Rye Development, owned by Danish investment firm Copenhagen Infrastructure Partners, said in a statement the final EIS was a milestone in helping Washington meet its climate goals.

The Washington Department of Ecology last year determined the project would not harm water quality. FERC’s final EIS recommends that FERC commissioners license the hydropower project.

The Yakama Nation and other tribes oppose the project. Efforts to obtain comment Monday from the Yakama Nation were unsuccessful.

Two reservoirs required

Rye proposes to dig the upper and lower reservoirs eight miles southeast of Goldendale in Klickitat County on a site formerly occupied by an aluminum smelter.

The Yakama Nation and Umatilla tribes have used the area for thousands of years and continued to gather plants and meet there for ceremonial purposes until 10 or 20 years ago, according to the final EIS.
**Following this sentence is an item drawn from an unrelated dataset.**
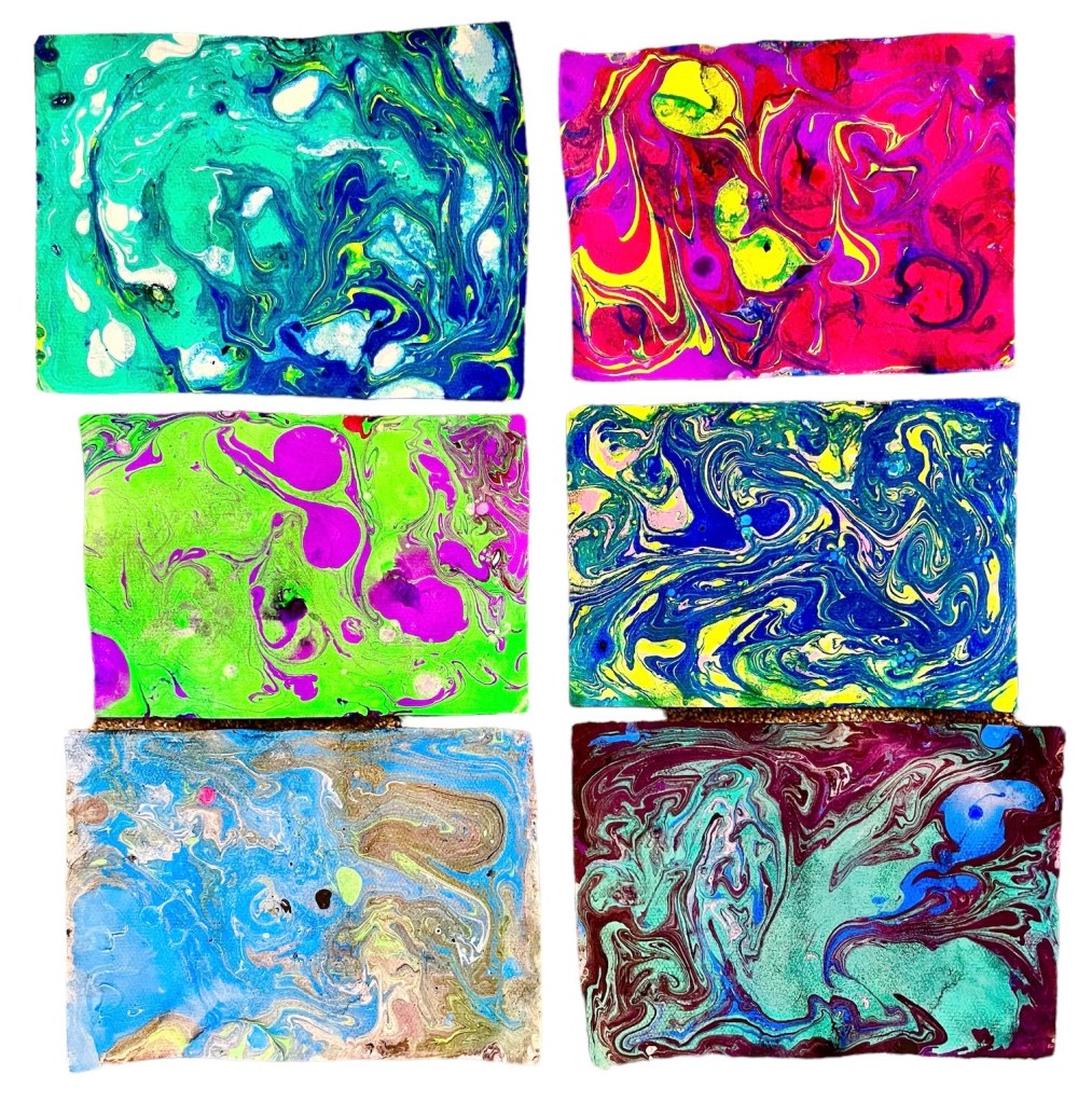 One of my Nanny Kids absolutely adores using this Marbling Paint Kit by the Jar Melo Store. She got this crafts kit for her birthday. She made these six marbled papers this week and cannot wait to do more next week.
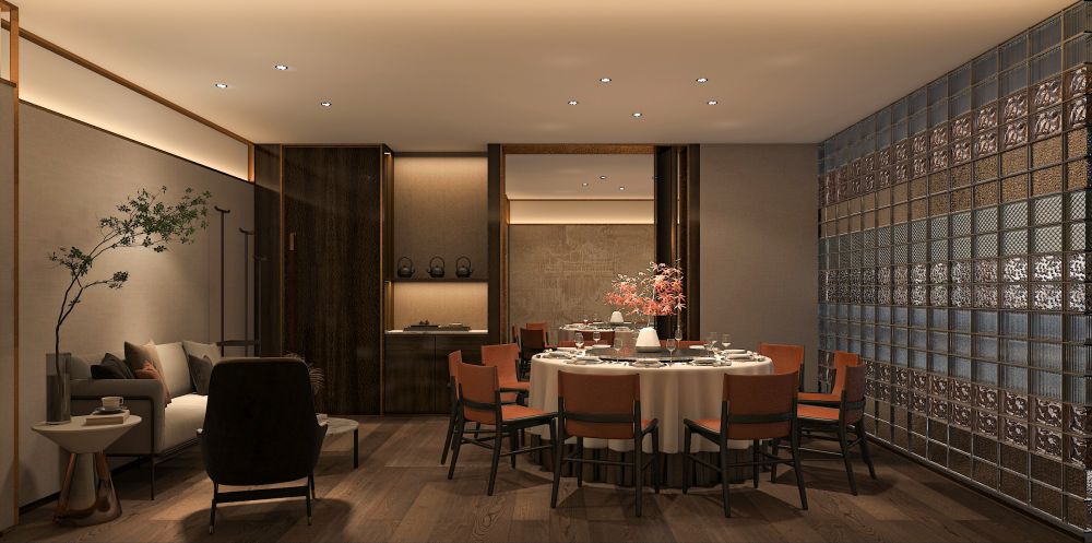 设计师用玻璃砖元素围合出几个包间,通过玻璃砖的反射、折射等作用,强化包间内采光的同时延伸距离感,深化虚实感,达到源于物象又超越物象的境界,营造自由而惬意的审美体验。

Rye anticipates the project will take five years to build. Plants gathered by tribes could be replanted after construction. Access will continue to depend on permission from landowners, according to the final EIS

The project would draw 7,640 acre-feet of water from the Columbia River and an estimated 360 acre-feet a year to make up for seepage and evaporation. Developers would buy water from the Klickitat Public Utility District.

The plant could make power for up to 12 hours a day. For the other 12 hours, water would be pumped back uphill.

Pumping the water back to the upper reservoir would take roughly 4.2 million megawatt-hours a year — more than the 3.5 million megawatt hours a year generated by sending the water downhill, according to the final EIS.

The plant would produce a little more than one-third the electricity of Washington’s only nuclear power plant.

The Columbia Generating Station in Richland makes enough electricity for more than one million homes, according to the plant’s operator, Energy Northwest, a consortium of public utilities.